─── Provided material

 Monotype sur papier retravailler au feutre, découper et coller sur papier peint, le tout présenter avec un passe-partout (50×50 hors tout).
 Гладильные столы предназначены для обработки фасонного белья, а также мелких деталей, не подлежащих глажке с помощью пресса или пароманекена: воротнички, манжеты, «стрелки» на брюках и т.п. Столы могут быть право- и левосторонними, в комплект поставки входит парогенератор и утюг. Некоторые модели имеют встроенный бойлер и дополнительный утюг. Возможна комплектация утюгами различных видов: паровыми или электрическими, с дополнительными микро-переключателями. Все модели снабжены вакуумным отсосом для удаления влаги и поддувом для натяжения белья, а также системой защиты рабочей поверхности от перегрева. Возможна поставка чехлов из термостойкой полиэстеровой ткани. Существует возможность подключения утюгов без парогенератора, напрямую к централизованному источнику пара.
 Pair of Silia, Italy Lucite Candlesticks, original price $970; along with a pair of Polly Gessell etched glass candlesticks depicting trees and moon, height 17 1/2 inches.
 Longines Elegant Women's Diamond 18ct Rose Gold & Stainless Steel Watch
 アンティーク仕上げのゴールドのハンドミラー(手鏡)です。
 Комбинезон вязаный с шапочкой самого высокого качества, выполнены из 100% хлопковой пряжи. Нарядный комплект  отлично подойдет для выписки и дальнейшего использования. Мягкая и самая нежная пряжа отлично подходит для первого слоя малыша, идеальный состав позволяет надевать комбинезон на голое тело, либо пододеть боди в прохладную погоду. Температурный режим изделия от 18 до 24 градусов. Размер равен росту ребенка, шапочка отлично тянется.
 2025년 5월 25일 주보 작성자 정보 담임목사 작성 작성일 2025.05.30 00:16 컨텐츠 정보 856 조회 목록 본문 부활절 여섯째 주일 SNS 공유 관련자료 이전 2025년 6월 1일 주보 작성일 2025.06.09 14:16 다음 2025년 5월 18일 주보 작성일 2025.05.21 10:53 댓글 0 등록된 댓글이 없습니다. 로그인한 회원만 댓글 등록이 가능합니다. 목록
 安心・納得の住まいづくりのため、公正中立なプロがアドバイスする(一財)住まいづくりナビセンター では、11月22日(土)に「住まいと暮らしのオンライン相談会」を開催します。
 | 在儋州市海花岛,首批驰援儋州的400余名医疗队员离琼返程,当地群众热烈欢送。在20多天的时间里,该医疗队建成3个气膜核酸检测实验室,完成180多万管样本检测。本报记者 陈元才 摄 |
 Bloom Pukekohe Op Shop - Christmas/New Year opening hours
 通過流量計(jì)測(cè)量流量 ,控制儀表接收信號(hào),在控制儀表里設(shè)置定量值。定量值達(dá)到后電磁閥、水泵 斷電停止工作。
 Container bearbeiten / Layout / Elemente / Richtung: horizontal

──────

Required action — Please output the complete data exactly.

Exercise result —
 Monotype sur papier retravailler au feutre, découper et coller sur papier peint, le tout présenter avec un passe-partout (50×50 hors tout).
 Гладильные столы предназначены для обработки фасонного белья, а также мелких деталей, не подлежащих глажке с помощью пресса или пароманекена: воротнички, манжеты, «стрелки» на брюках и т.п. Столы могут быть право- и левосторонними, в комплект поставки входит парогенератор и утюг. Некоторые модели имеют встроенный бойлер и дополнительный утюг. Возможна комплектация утюгами различных видов: паровыми или электрическими, с дополнительными микро-переключателями. Все модели снабжены вакуумным отсосом для удаления влаги и поддувом для натяжения белья, а также системой защиты рабочей поверхности от перегрева. Возможна поставка чехлов из термостойкой полиэстеровой ткани. Существует возможность подключения утюгов без парогенератора, напрямую к централизованному источнику пара.
 Pair of Silia, Italy Lucite Candlesticks, original price $970; along with a pair of Polly Gessell etched glass candlesticks depicting trees and moon, height 17 1/2 inches.
 Longines Elegant Women's Diamond 18ct Rose Gold & Stainless Steel Watch
 アンティーク仕上げのゴールドのハンドミラー(手鏡)です。
 Комбинезон вязаный с шапочкой самого высокого качества, выполнены из 100% хлопковой пряжи. Нарядный комплект  отлично подойдет для выписки и дальнейшего использования. Мягкая и самая нежная пряжа отлично подходит для первого слоя малыша, идеальный состав позволяет надевать комбинезон на голое тело, либо пододеть боди в прохладную погоду. Температурный режим изделия от 18 до 24 градусов. Размер равен росту ребенка, шапочка отлично тянется.
 2025년 5월 25일 주보 작성자 정보 담임목사 작성 작성일 2025.05.30 00:16 컨텐츠 정보 856 조회 목록 본문 부활절 여섯째 주일 SNS 공유 관련자료 이전 2025년 6월 1일 주보 작성일 2025.06.09 14:16 다음 2025년 5월 18일 주보 작성일 2025.05.21 10:53 댓글 0 등록된 댓글이 없습니다. 로그인한 회원만 댓글 등록이 가능합니다. 목록
 安心・納得の住まいづくりのため、公正中立なプロがアドバイスする(一財)住まいづくりナビセンター では、11月22日(土)に「住まいと暮らしのオンライン相談会」を開催します。
 | 在儋州市海花岛,首批驰援儋州的400余名医疗队员离琼返程,当地群众热烈欢送。在20多天的时间里,该医疗队建成3个气膜核酸检测实验室,完成180多万管样本检测。本报记者 陈元才 摄 |
 Bloom Pukekohe Op Shop - Christmas/New Year opening hours
 通過流量計(jì)測(cè)量流量 ,控制儀表接收信號(hào),在控制儀表里設(shè)置定量值。定量值達(dá)到后電磁閥、水泵 斷電停止工作。
 Container bearbeiten / Layout / Elemente / Richtung: horizontal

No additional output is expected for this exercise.